* Activity
The reply must repeat the listing below exactly and carry none of its pictures.

═════ Supplied material ═════

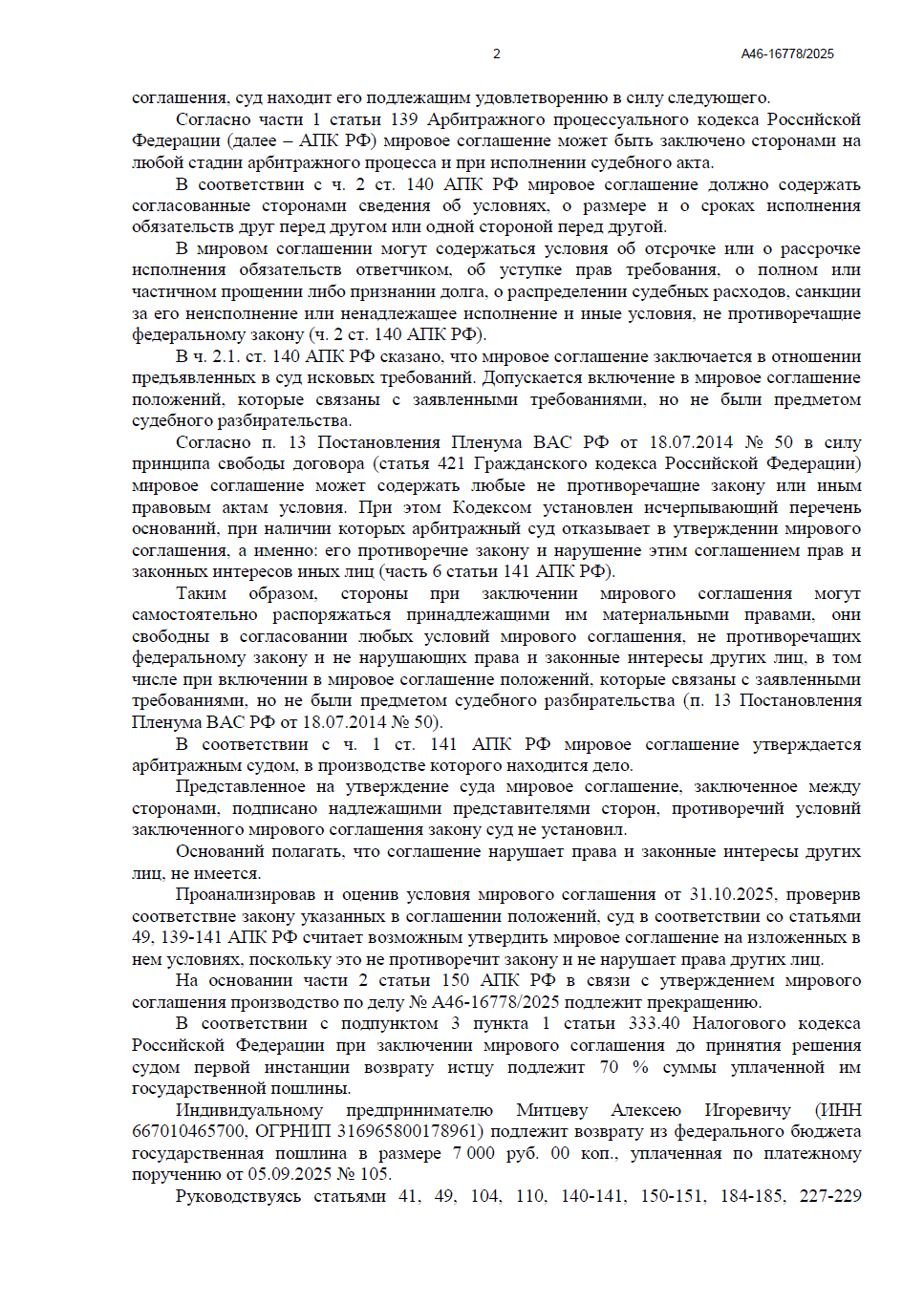• Денежная компенсация: согласована выплата в размере 37 800 рублей.
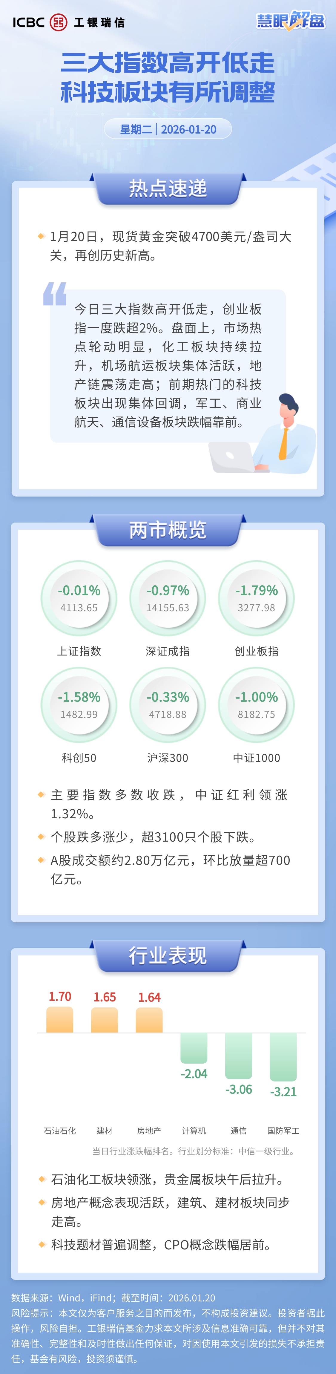今日三大指数高开低走,创业板指一度跌超2%。
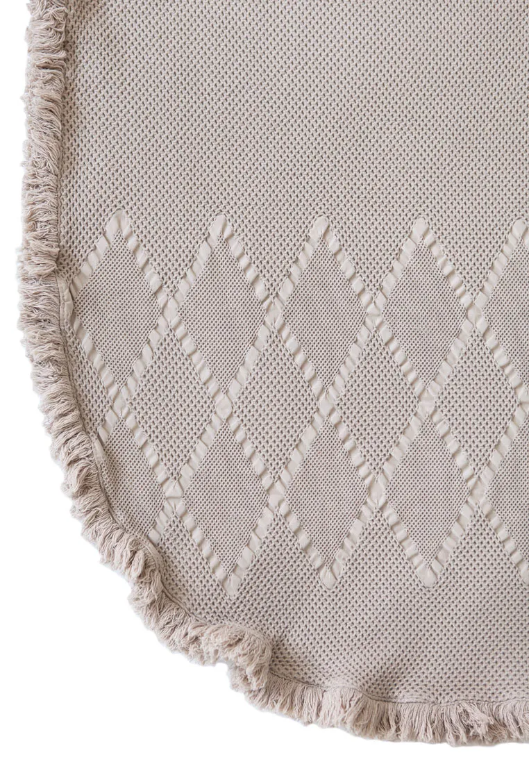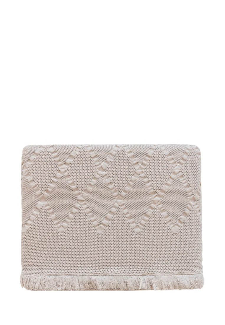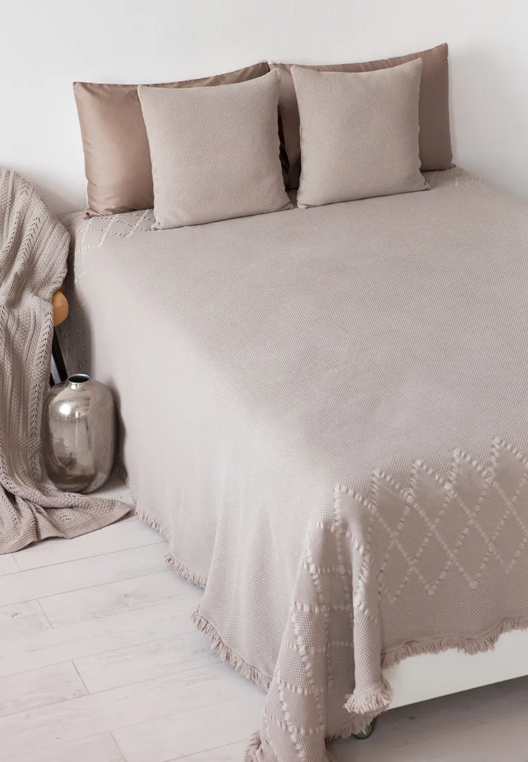 Покрывало "GRASS" выполнено из 100% хлопка. Ткань натуральная, гипоаллергенная и очень приятная на ощупь. Покрывало довольно легкое, при этом плотное и устойчивое к деформации. Дизайн: основа без рисунка, декор - ромбы по краям (сверху и снизу) и бахрома по периметру. Его также можно использовать в качестве простыни для укрывания. В коллекции 2 цвета - бежевый и лаванда.Тип ткани - хлопок 100%.

═════

* Problem solution
• Денежная компенсация: согласована выплата в размере 37 800 рублей.
今日三大指数高开低走,创业板指一度跌超2%。
 Покрывало "GRASS" выполнено из 100% хлопка. Ткань натуральная, гипоаллергенная и очень приятная на ощупь. Покрывало довольно легкое, при этом плотное и устойчивое к деформации. Дизайн: основа без рисунка, декор - ромбы по краям (сверху и снизу) и бахрома по периметру. Его также можно использовать в качестве простыни для укрывания. В коллекции 2 цвета - бежевый и лаванда.Тип ткани - хлопок 100%.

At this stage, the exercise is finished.